Traditional Statistics
The median and standard deviation of the RRi (SDNN) were calculated within each 10-minute window. The median RRi is a quantitative measure of heart rate whereas the SDNN is a measure of HRV.
Frequency Domain - Spectral Analysis (SA)
In each 10-minute window, the power spectrum was estimated via previously described methods.(12, 16) The relative low frequency (LF) and high frequency (HF) power were analyzed as measures of autonomic nervous system (ANS) regulation of HRV.(18, 19) The LF power was calculated as the sum of power in the frequency bands covering 0.05–0.25 Hz, (30, 33-35) while HF power was calculated as the sum of power in the frequency bands covering 0.3–1 Hz.(30, 33-36). Both LF and HF power were divided by the total power (sum of power in the frequency bands covering 0.05– 2Hz) to calculate the relative LF and HF power. These frequency bands were selected to quantify the respiratory oscillations in the heart rate of neonates as previously described (30, 34, 35).
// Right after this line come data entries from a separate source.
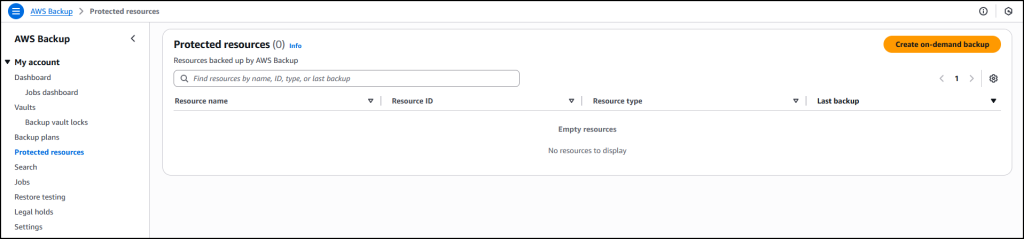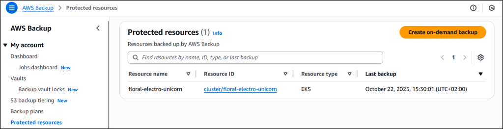 Now that I’ve enabled Amazon EKS, in Protected resources I choose Create on-demand backup to create a backup for my already existing EKS cluster floral-electro-unicorn.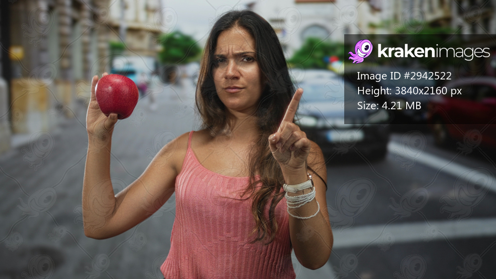 Young hispanic woman points finger to red apple while holding it near chest on a busy city street with cars behind; assertive caution.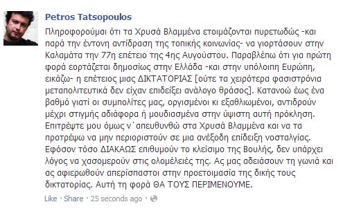 Με αφορμή το δημοσίευμα της Real News για την Χρυσή Αυγή και το φεστιβάλ μίσους που θα πραγματοποιηθεί στις 4 Αυγούστου στην Καλαμάτα, ο βουλευτής του ΣΥΡΙΖΑ Πέτρος Τατσόπουλος απευθυνόμενος στα μέλη του κόμματος τα προτρέπει να προετοιμάσουν τη δική τους δικατορία, τονίζοντας ωστόσο, ότι “Αυτή τη φορά, θα τους περιμένουμε”.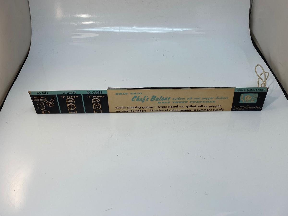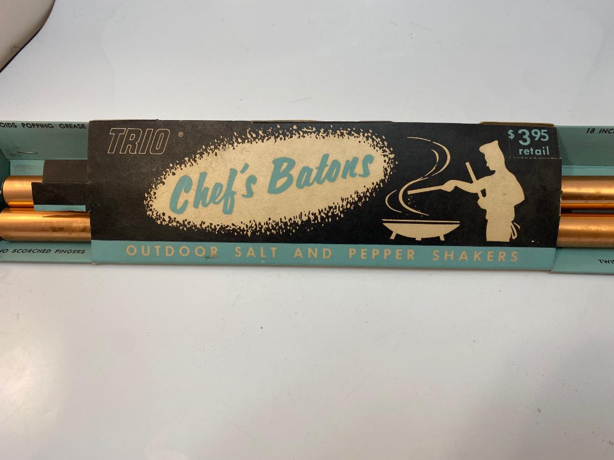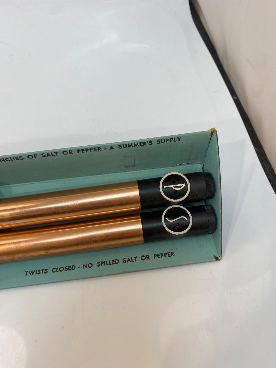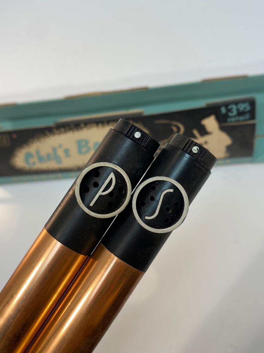 Vintage Midcentury Retro Copper Chef's Batons Outdoor Salt & Pepper Shakers by Trio. In original box. Extra-long for safe open flame cooking.

Time Domain - Detrended Fluctuation Analysis (DFA)
DFA metrics were also calculated in each 10-minute window as previously described.(17) The α exponent quantifies the autocorrelations in the RRi for different time scales (short (αS): 15-30 beats and long (αL): >40 beats).(20) The root mean square fluctuation in short (RMS S) and long (RMS L) time scales were also calculated. The RMS fluctuation quantifies the variability in the RRi in the corresponding time scales.
Statistical Analysis
Descriptive statistics included means (standard deviations) and medians (ranges) for continuous parametric and non-parametric variables, respectively, as well as counts (percentages) for categorical data. Since the dependent (HRV metrics) and independent variables (temperatures) included repeated measures for each patient, random effect regression models were used to take into account the intra-subject covariance. HRV data were log transformed to satisfy the normality assumption. Secondary models were also developed to adjust for patient characteristics including birth weight, gestational age, gender, encephalopathy grade (3, 37) at presentation, presenting pH, and the presence of hypotension (defined as the need for vasopressor medications during TH). Sensitivity analyses were also performed considering only esophageal temperatures and stratifying by grade of encephalopathy to evaluate the consistency of results. Statistical analysis was performed using SAS 9.3 (SAS Institute Inc., Cary, NC, USA).
Results
A total of 51 patients with moderate to severe HIE were enrolled. Data were unavailable for 7 patients because they either died after withdrawal of care prior to completion of TH (n=6) or EKG data were not able to be retrieved from the RDE archive (n=1). Thus, EKG and temperature data from 44 newborns with HIE were analyzed. The majority (n=34) were prospectively monitored, while ten patients' EKG data were retrieved from the RDE archive. Characteristics of the study population are presented in Table 1. Patients with unavailable data were similar to the study population with regard to baseline and clinical characteristics (p>0.05). The median (interquartile range) duration of EKG recording per subject was 8 (2) hours, providing 343 observations for analyses. Reduced models with only esophageal temperatures included 190 observations.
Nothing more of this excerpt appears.